Open Quuxplusone opened 2 months ago
@Quuxplusone thanks for the description of the problem. Will try to reproduce it, maybe it's linked to stopping and restarting the broker. Could you try it without rd_kafka_conf_set_rebalance_cb
to see if it happens too?
@Quuxplusone thanks for the description of the problem. Will try to reproduce it, maybe it's linked to stopping and restarting the broker. Could you try it without
rd_kafka_conf_set_rebalance_cb
to see if it happens too?
With vanilla librdkafka v2.3.0, but with our custom rd_kafka_conf_set_rebalance_cb
removed from the groupconsumer, our test is still red.
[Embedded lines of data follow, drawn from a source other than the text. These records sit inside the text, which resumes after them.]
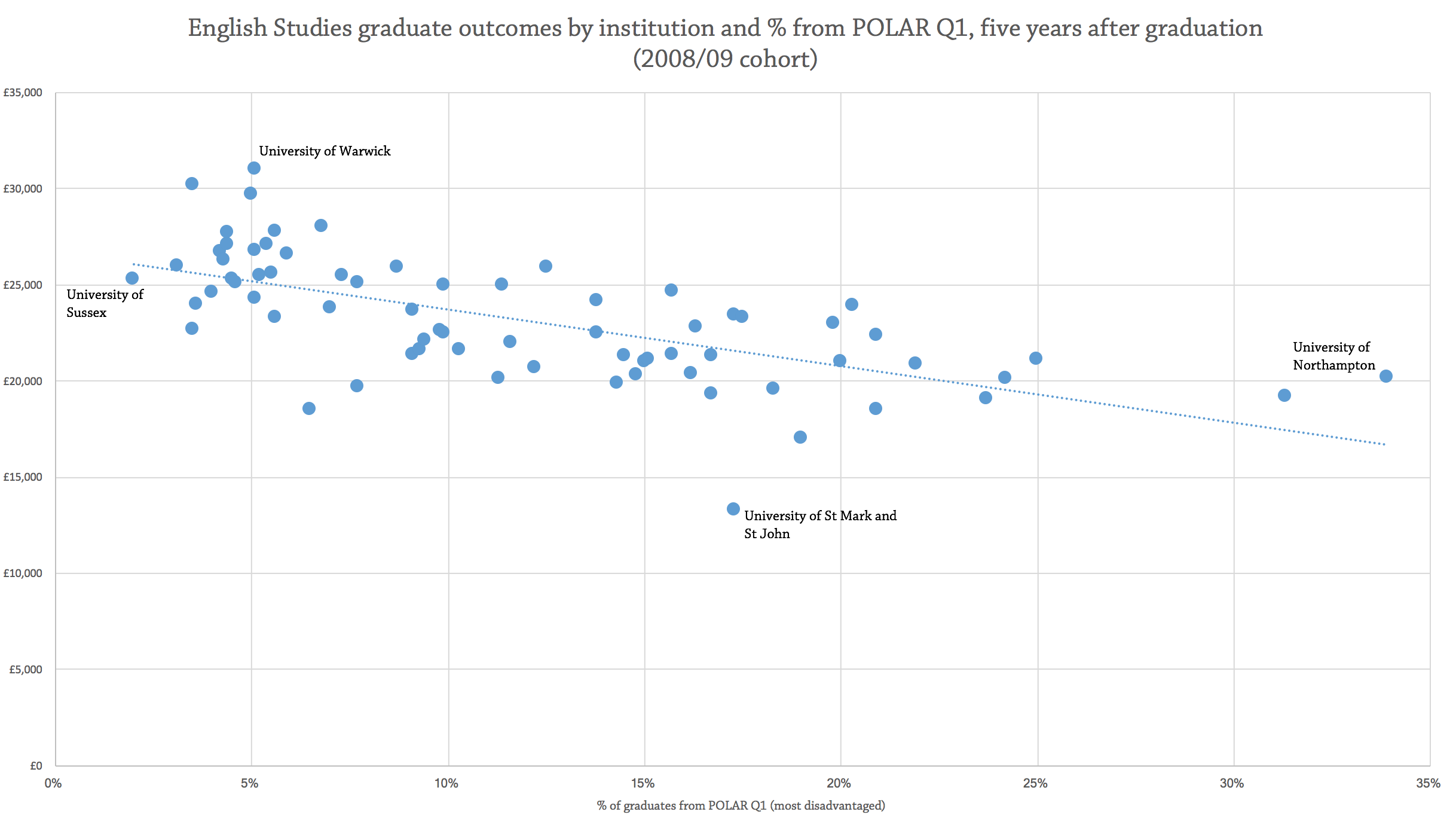 Meanwhile, English Studies has a much smaller gap of (only) £2860 in three-year graduate median earnings between those courses that admit the most POLAR quintile 1 (most disadvantaged) students and those that admit the least. We can see from this graph (for data five years after graduation) that the trend line is a little less steep.
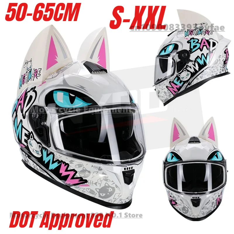 Casque de moto oreilles de chat rose Casque intégral de moto...
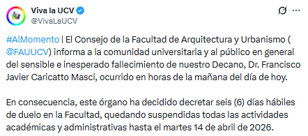 La comunidad universitaria de la Universidad Central de Venezuela (UCV) se encuentra de luto tras confirmarse el fallecimiento del Dr. Francisco Javier Caricatto Masci, Decano de la Facultad de Arquitectura y Urbanismo.
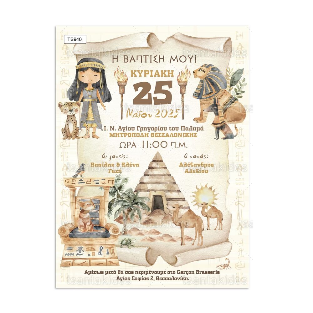 Προσκλητήριο βάπτισης για κορίτσι με θέμα Ancient Egypt Girl
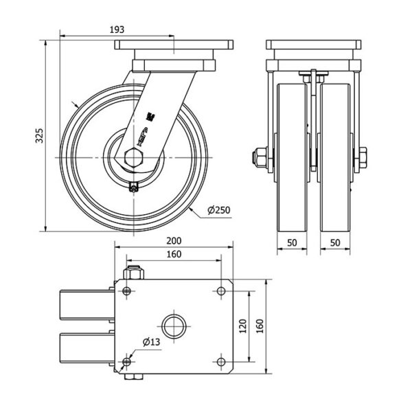 Rueda poliuretano giratoria Alex diametro 250 mm. modelo 2-1867
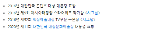 다섯 후보 중 유일 백상예술대상 대상 수상작 집필 2017년 ‘도깨비’
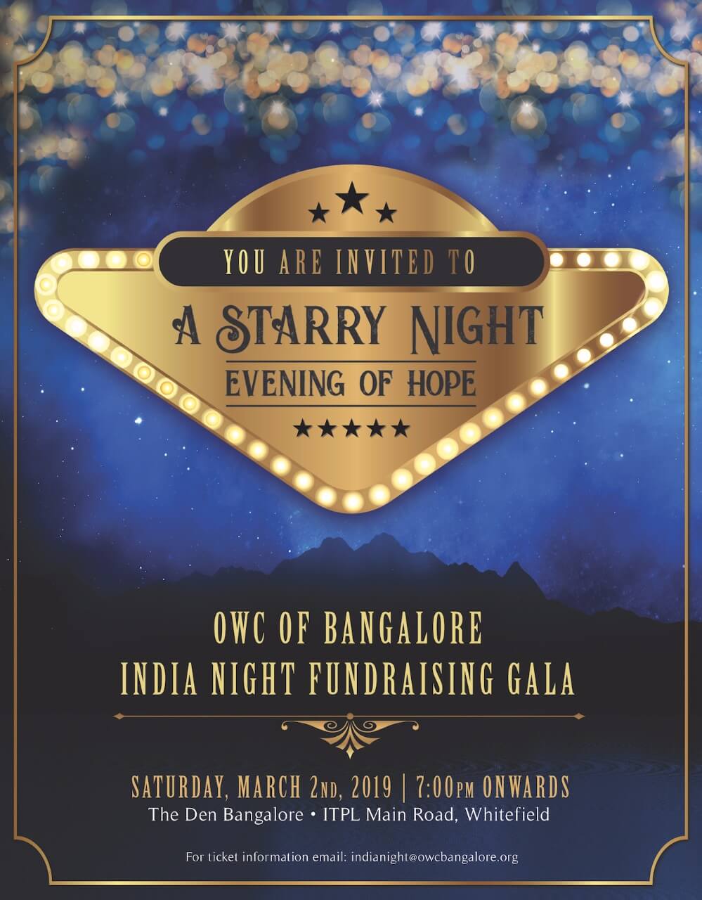 Come dance the night away at Whitefield’s hottest new hotel, The Den! This night’s event will raise funds for OWC sponsored charities. Tickets will be on sale for 5000 RS pp cash and will include a specially curated dinner along with an open bar!

With v2.3.0 plus removing our rd_kafka_conf_set_rebalance_cb
plus adding #4667, our test remains green. (IOW, whatever our weird rebalance callback is doing, and regardless of whether it's necessary for us in general, it seems irrelevant to this specific test.)
@Quuxplusone we're also facing similar issues in our use-cases, but it's very sporadic. We're working on a stable reproducer to move further. Checking if you have a public reproducer that you could share?
Currently, I'm trying with the following test-setup, but the issue is reproduced very rarely:
Any ideas for improving the reproducer would be very helpful.
@Quuxplusone we're also facing similar issues in our use-cases, but it's very sporadic. We're working on a stable reproducer to move further. Checking if you have a public reproducer that you could share?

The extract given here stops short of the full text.